Adaptive Fault Tolerance for Distributed Dataflow Systems
Many organizations need to analyze increasingly large datasets such as data collected by thousands of sensors. Even with the parallel capacities that single nodes provide today, the size of some datasets requires the resources of many nodes. Consequently, distributed systems have been developed to manage and process large datasets with clusters of commodity resources. A popular class of such distributed systems are distributed dataflow systems like MapReduce, Spark, and Flink. These systems provide effective data partitioning, data-parallel operator implementations, task distribution and monitoring, efficient data transfer and communication among workers, and fault tolerance. Different strategies for handling failures are currently used: shuffling the intermediate results between operations through file systems (MapReduce), storing lineage of partially processed data (Spark), or re-trying failed jobs fully (Flink). These strategies offer different trade-offs between additional overhead and re-doing more work when failures occur. Fault tolerance strategies can also be fine-tuned (e.g. snapshotting intermediate results every X iterations of a job) and multiple strategies can be combined. Ideally, the amount of work that has not to be repeated even when nodes fail outweigh the additional overhead of the fault tolerance strategy on average.
To optimally choose a reasonable fault tolerance policy together with an appropriate parametrization requires in-depth understanding of the written job, the input data, the underlying distributed processing system, and the specifics of the cluster environment. Usually, system operators have only limited insight into the former aspects, while users are typically less familiar with the latter.

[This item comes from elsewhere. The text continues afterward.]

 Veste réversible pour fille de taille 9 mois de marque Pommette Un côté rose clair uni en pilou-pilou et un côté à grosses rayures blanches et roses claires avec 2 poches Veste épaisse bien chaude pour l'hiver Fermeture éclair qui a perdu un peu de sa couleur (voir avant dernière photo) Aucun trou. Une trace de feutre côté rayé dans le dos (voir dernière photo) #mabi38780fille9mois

This renders the procedure of having an individual fault tolerance policy and parametrization tailored for the requirements and properties of each job practically infeasible. Instead, distributed dataflow systems are currently applying either no fault tolerance at all or a static “one size fits all” configuration for all jobs.
An alternative to the in-depth understanding and hand-tuning of each job is potentially provided by the broad field of machine learning, which allows the distillation of general patterns within datasets of adequate size. Having access to datasets containing information of a variety of jobs together with their outcome (success or failure) allows to search for general patterns that enable an individual fault tolerance policy selection and parametrization.

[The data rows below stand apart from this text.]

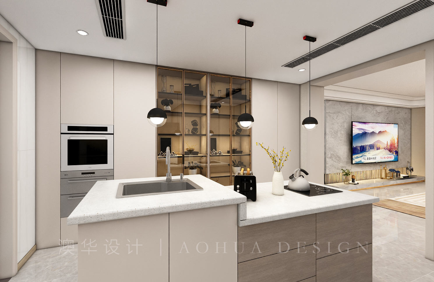 • 餐廚一體化設計,使整個空間更加開放,便于家人之間相互交流,使空間得到了合理的運用。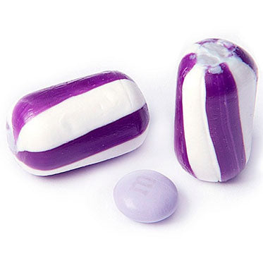 That's why they also make a great treat to include in wedding favors, treat bags or to serve guests in decorative candy dishes. Each Purple Sassy Cylinder includes a short, smooth length of white hard candy with curved edges and flat ends. All sides include wide purple colored stripes that run from top to bottom, giving these hard candies an elegant look.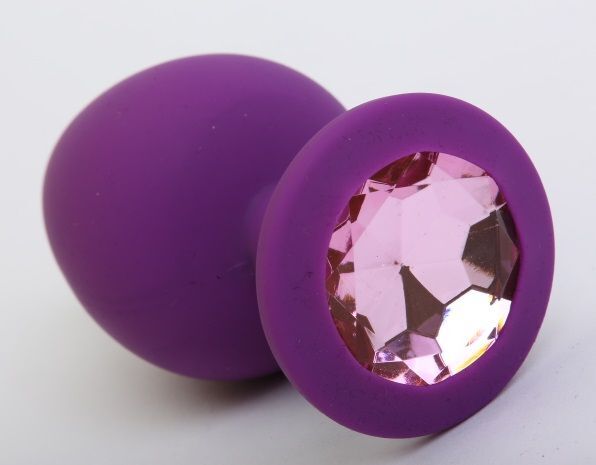 Фиолетовая силиконовая пробка с розовым стразом - 9,5 см.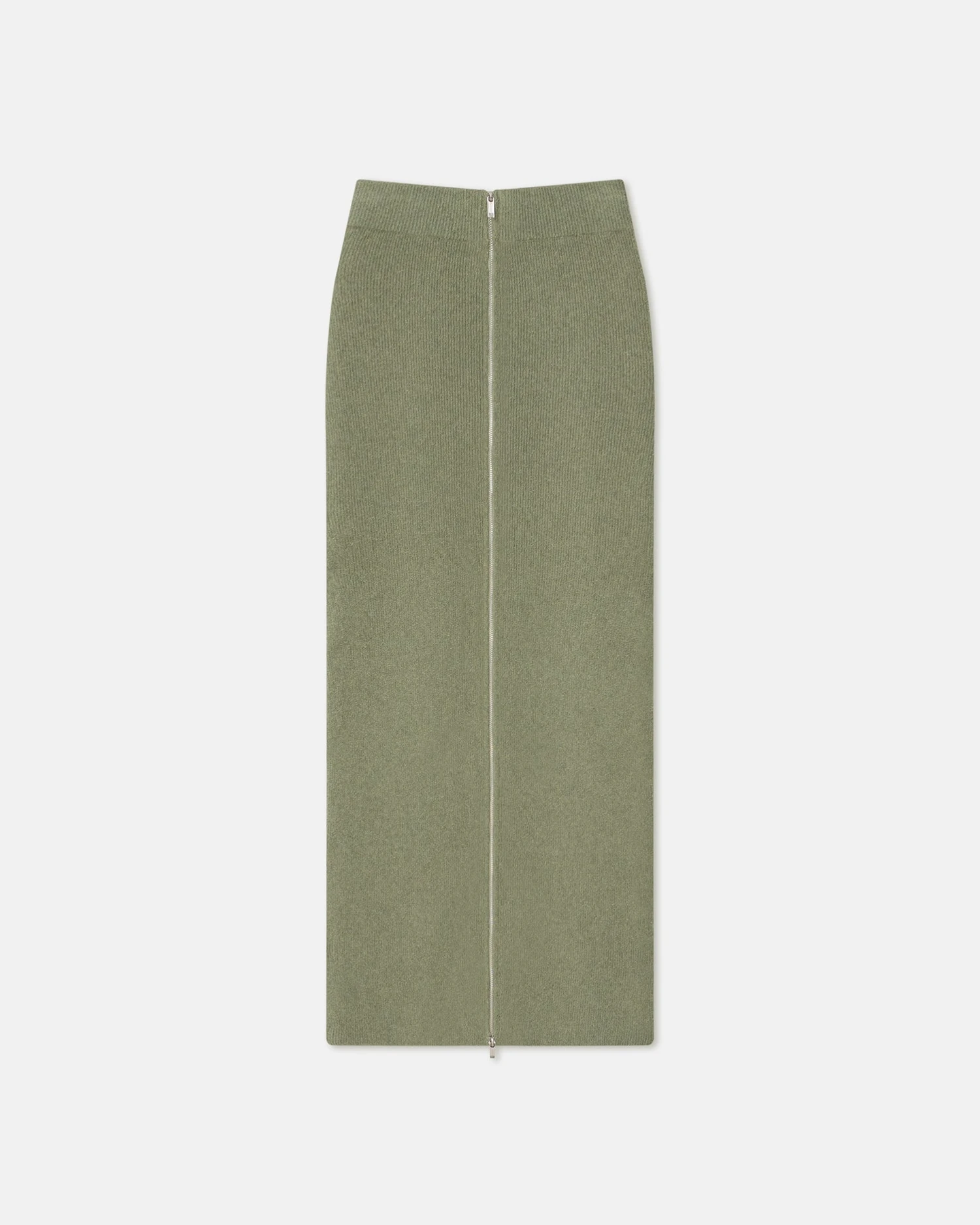 The Nima skirt is knitted from terry for a soft, lightweight feel. In an elegant faded-sage tone, it has a front zip that can be opened. The high-waist silhouette pairs with the cropped cut of the coordinating Marnin top.

Two questions are of interest for this thesis. First, it should be analyzed whether it is possible to discover general patterns within the configuraton data (requested resources, operators, parallelism, input size etc.) of submitted jobs that indicate a higher probability of failure. Having such knowledge would allow to automatically configure fault tolerance policies for each job before it is executed. Second, an online analysis of the actually consumed metrics and other runtime information can be utilized to make continuous predictions about the outcome of the job (success or failure). This allows to dynamically adjust fault tolerance configurations at runtime in order to react to imminent failures or the absence of those and thus, optimize for former or latter outcome.

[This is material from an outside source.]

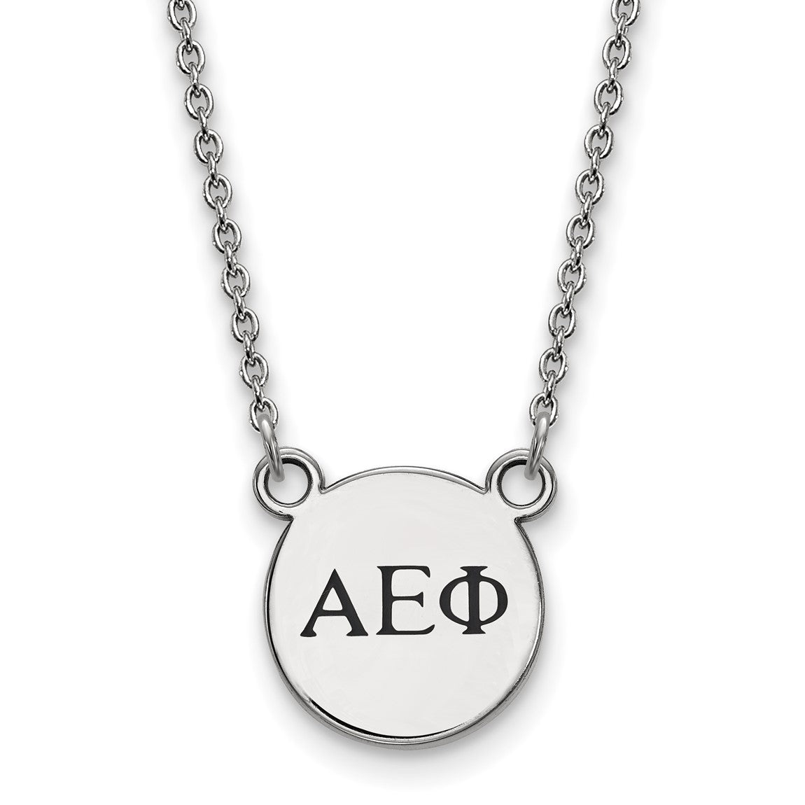 Sterling Silver Rhodium-plated LogoArt Alpha Epsilon Phi Sorority Greek Letters Extra Small Black Enamel Pendant 18 inch Necklace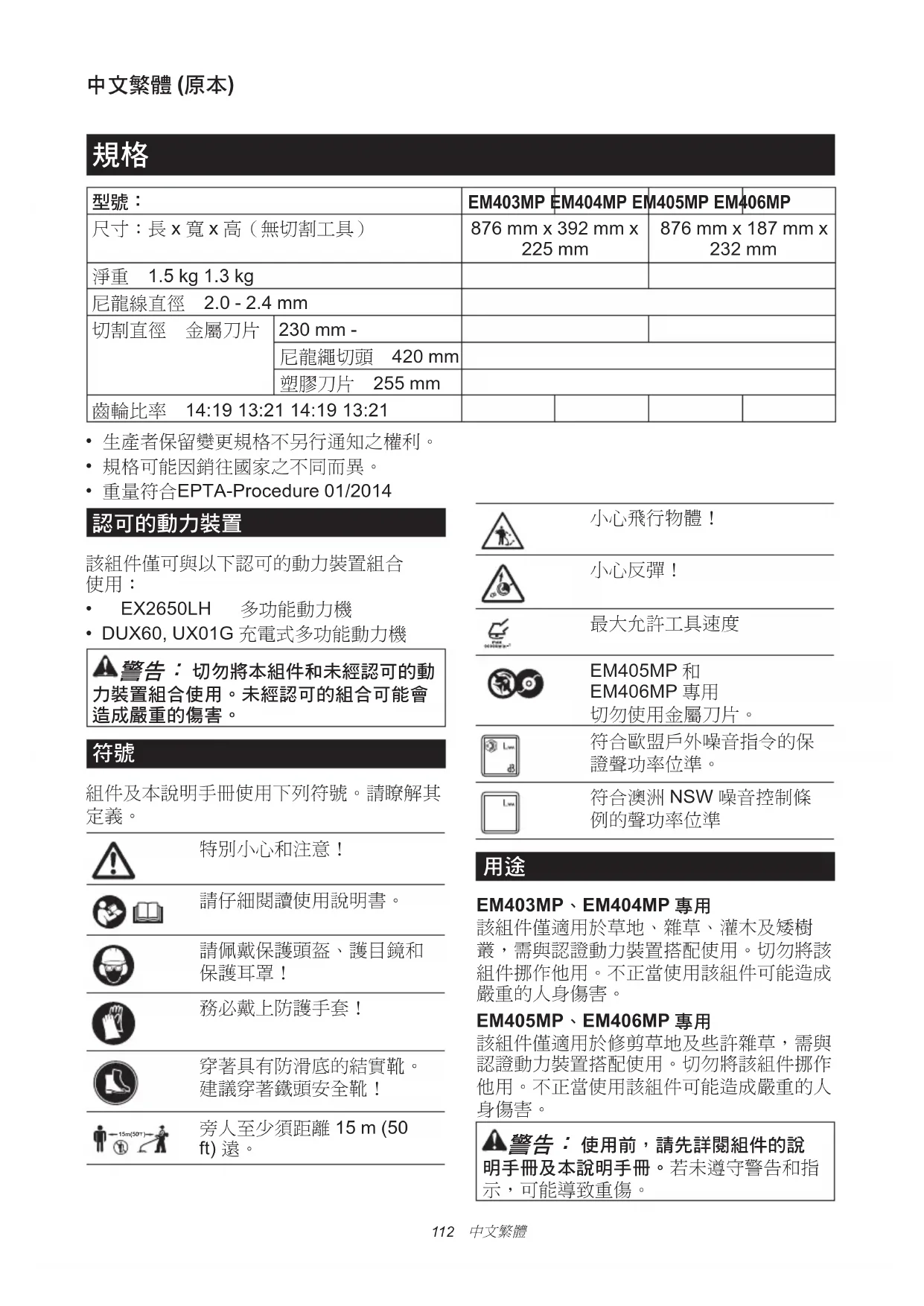 EM405MP、EM406MP 專用 該組件僅適用於修剪草地及些許雜草,需與 認證動力裝置搭配使用。切勿將該組件挪作 他用。不正當使用該組件可能造成嚴重的人

Specifically, this thesis will analys three publicly available datasets from Google Cloud , CMU OpenCloud , and Alibaba . First, the applicability for the above described use cases should be verified. Next, concrete modelling approaches should be designed and verified based on the selected dataset(s). Hereby, the solutions also need to consider the overhead of running predictions and compare this to the time saved for recovering from failures and to the benefits that come from a dynamic parameterization compared to a static approach. A literature research on currently adaptive fault tolerance for distributed dataflow systems is also required.